| Dennis Richard Murphy
was a successful film and television writer, director, producer
and teacher whose documentary series appeared in 70 countries in
33 languages. His short stories were published in Ellery Queen’s
and Alfred Hitchcock’s Mystery Magazines as well as in several
anthologies, and in 2007 he won the Crime Writers of Canada Arthur
Ellis Award for Best Short Story. Sadly, Dennis Richard Murphy passed
away in June 2008, shortly after completing Darkness at the Break
of Noon.
Darkness
at the Break of Noon (2009, HarperCollins Canada)

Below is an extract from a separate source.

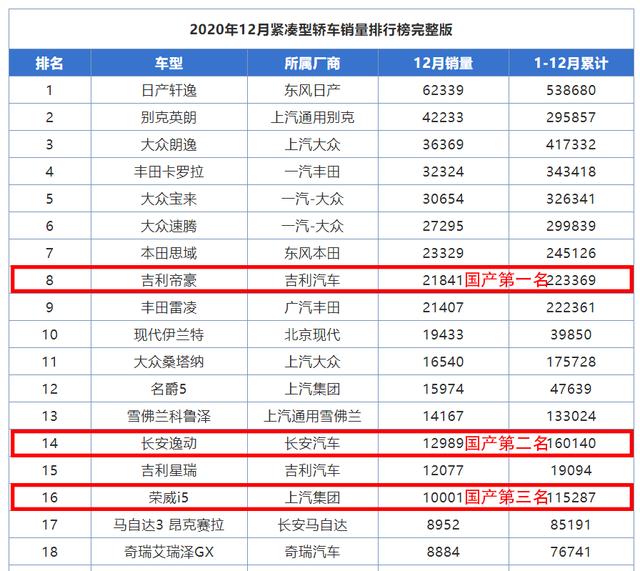 在吉利帝豪成为了全中国销量最好的国产品牌轿车,2020年一口气卖出了223369辆新车。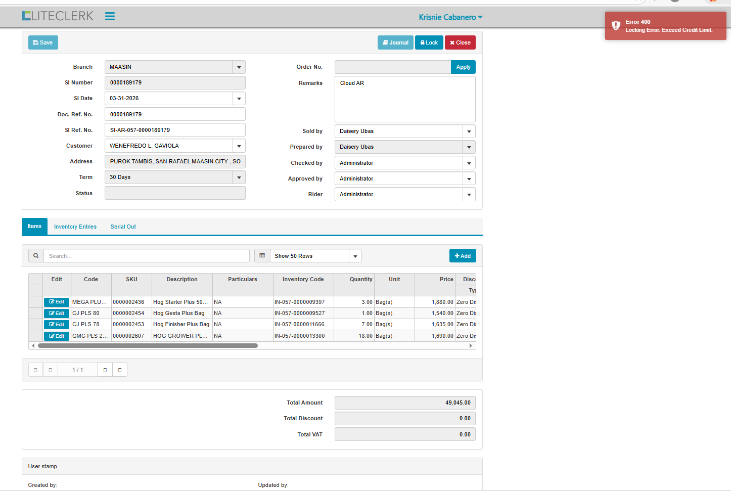 openexceed credit limit customer but in record not yet na exceed (CLOUD)

RCMP Sergeant Booker Kennison knows more dirt than an officer should
and has been exiled by his superiors to duty in Yellowknife. When
a flash fire claims the lives of two archaeologists at a dig on
remote Victory Island in Nunavut, Kennison is dispatched to investigate
in a cold wilderness where winter’s grip and 24-hour darkness
are closing in fast.
Ruby Cruz, ex-FBI agent, is also on her way north, sent to protect
the interests of the American corporation that funded the dig. Those
interests include Dr. Karl Kniesser and a 160-year-old journal he
has secretly cut from the clothing of a frozen corpse. The journal
contains the secrets of the ill-fated Franklin Expedition and may
hold the key to controlling the Northwest Passage today. But when
Ruby arrives, she finds Kniesser dead and the prized journal missing.
As the ice moves in and supplies grow scarce, Kennison confirms
that the two deaths are murders, and the hunt for their killer begins
-- until Kennison himself becomes a target of a secretive assassin
lurking in the barren landscape. Threatened from all sides, Kennison
must solve two mysteries before time and light run out.